Дальше она не помнила.
Они повернули. Роза остановилась у дома Лео и Маргариты, зиявшего выбитым окном кладовой.
— Я сейчас, — сказала она Альве.
Альва видела, как она позвонила.
— Роза, — сказала Маргарита, — сколько лет, сколько зим.

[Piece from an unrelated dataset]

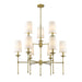 Complete a traditional dining room aesthetic with a classically crafted chandelier that exudes refined elegance. This six-light metal chandelier from the Emily collection elevates a room with its sleek metal frame in a gleaming rubbed brass finish. Six tasteful, off-white cloth shades create a soft, ambient glow for a mood-lifting effect.

— Маргарита, — сказала Роза. — Как это грустно.
Маргарита увидела долгие дали тоски во взгляде Розы. Глаз-виноград, пантерий глаз, подшучивал, бывало, Лео.

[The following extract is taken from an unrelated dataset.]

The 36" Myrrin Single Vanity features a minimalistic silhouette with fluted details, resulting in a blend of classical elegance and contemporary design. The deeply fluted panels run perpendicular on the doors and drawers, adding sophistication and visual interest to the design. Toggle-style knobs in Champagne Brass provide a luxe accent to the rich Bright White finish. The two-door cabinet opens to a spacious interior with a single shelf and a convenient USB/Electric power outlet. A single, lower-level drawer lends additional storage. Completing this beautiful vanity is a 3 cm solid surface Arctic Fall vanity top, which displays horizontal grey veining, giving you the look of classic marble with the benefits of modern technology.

— Заходи, Роза, я вот тут дремлю на диване, — сказала Маргарита.
— У меня Альва в машине.
— А ты ее сюда возьми, — сказала Маргарита. — Тебе помочь?
— Нет, я сама.
Маргарита придерживала дверь и протянула Альве руку, когда Роза ее вносила.

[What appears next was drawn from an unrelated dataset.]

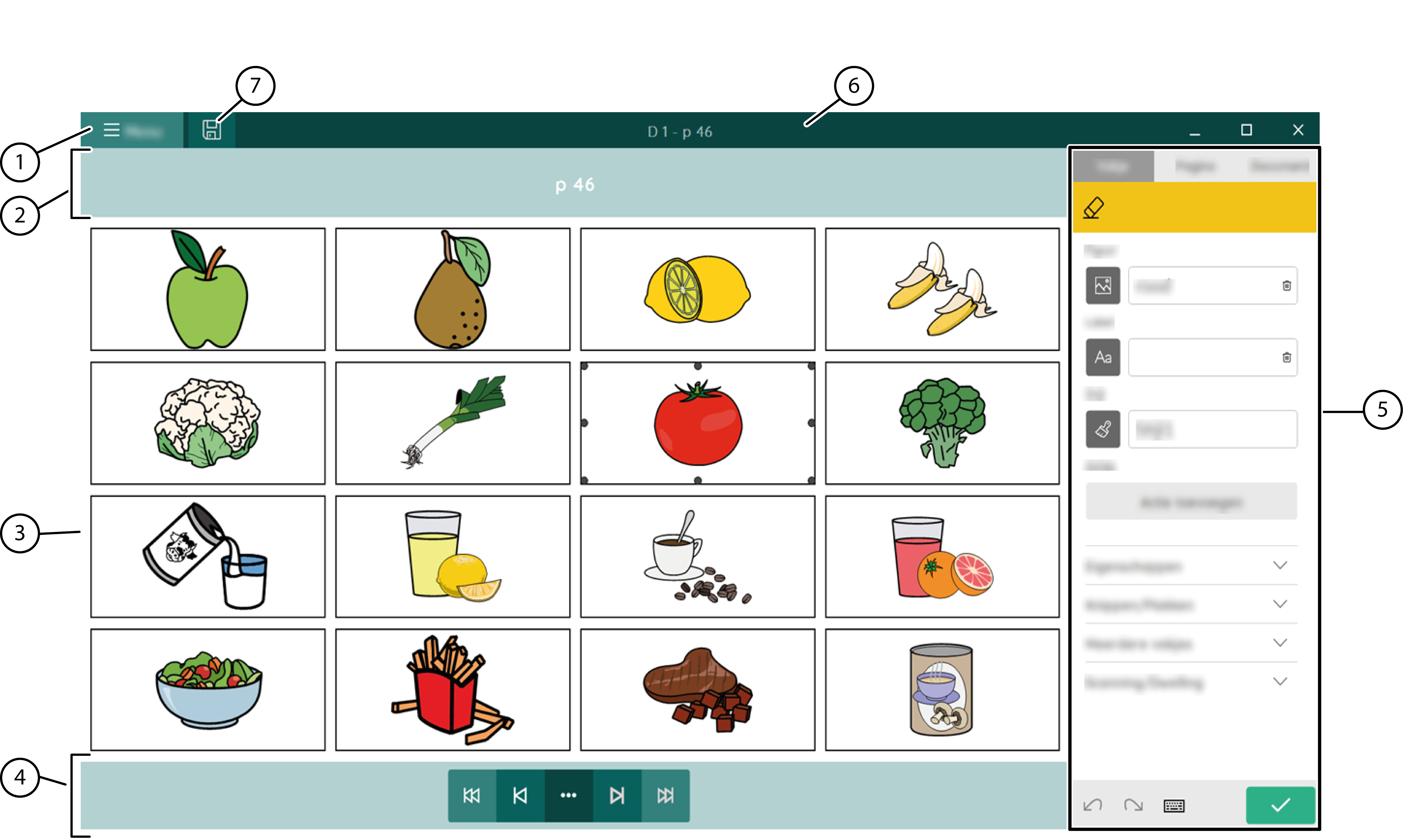 | 3 | La finestra principale | Mostra la finestra di modifica della pagina attiva del set di pagine. |

— Оставайтесь, поедим, — сказала Маргарита, — у меня непочатый край молока.
Роза исповедалась, она рассказала всю историю о том, как они с Лео ломились в дом, и про яичницу, и про овсянку.
— Вот не думала, что это ты, — сказала Маргарита. — Я думала, это дама.
Помолчали.
— Но вообще-то дама есть, — сказала Маргарита и посмотрела на Розу. — Это которая звонила к нему на службу. Потому-то Лео тогда и повернул.
— Конни видел его утром в ресторане на полпути.
— Он повернул, — сказала Маргарита. — Полиция говорит, это случилось по дороге в Таубен. В Таубене и была эта дама, я уверена.
Альва проводила взгляд матери, скользнувший к камину.
— Тут ничего не поделаешь, Роза, — сказала Маргарита. Она осеклась и продолжала, спав с голоса: — Оставаться друг другу нужными так, как надо, — нелегкое искусство. Ты сама знаешь, я не очень-то была нужна Лео, да и он мне не очень-то был нужен. Я ничего плохого не хочу про него сказать.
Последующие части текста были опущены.